- Activity:
Transcribe the lines below verbatim, skipping the images.

(Beginning of Recorded information)

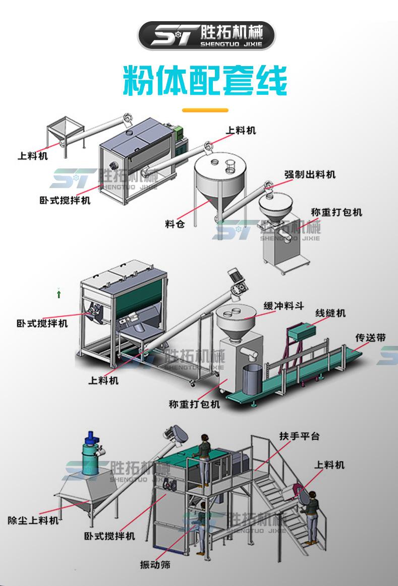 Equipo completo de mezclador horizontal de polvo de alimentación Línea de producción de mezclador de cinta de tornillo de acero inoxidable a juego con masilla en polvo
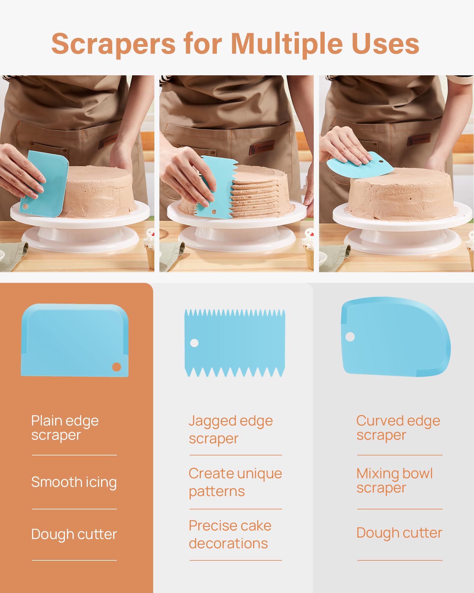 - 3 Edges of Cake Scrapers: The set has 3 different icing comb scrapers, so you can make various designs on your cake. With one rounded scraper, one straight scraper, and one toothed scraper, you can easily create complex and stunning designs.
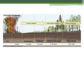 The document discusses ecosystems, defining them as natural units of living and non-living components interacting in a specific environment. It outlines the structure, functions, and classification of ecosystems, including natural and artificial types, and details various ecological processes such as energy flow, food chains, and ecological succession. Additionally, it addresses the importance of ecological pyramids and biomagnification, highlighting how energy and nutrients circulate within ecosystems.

(End of Recorded information)

- The completed task:
 Equipo completo de mezclador horizontal de polvo de alimentación Línea de producción de mezclador de cinta de tornillo de acero inoxidable a juego con masilla en polvo
 - 3 Edges of Cake Scrapers: The set has 3 different icing comb scrapers, so you can make various designs on your cake. With one rounded scraper, one straight scraper, and one toothed scraper, you can easily create complex and stunning designs.
 The document discusses ecosystems, defining them as natural units of living and non-living components interacting in a specific environment. It outlines the structure, functions, and classification of ecosystems, including natural and artificial types, and details various ecological processes such as energy flow, food chains, and ecological succession. Additionally, it addresses the importance of ecological pyramids and biomagnification, highlighting how energy and nutrients circulate within ecosystems.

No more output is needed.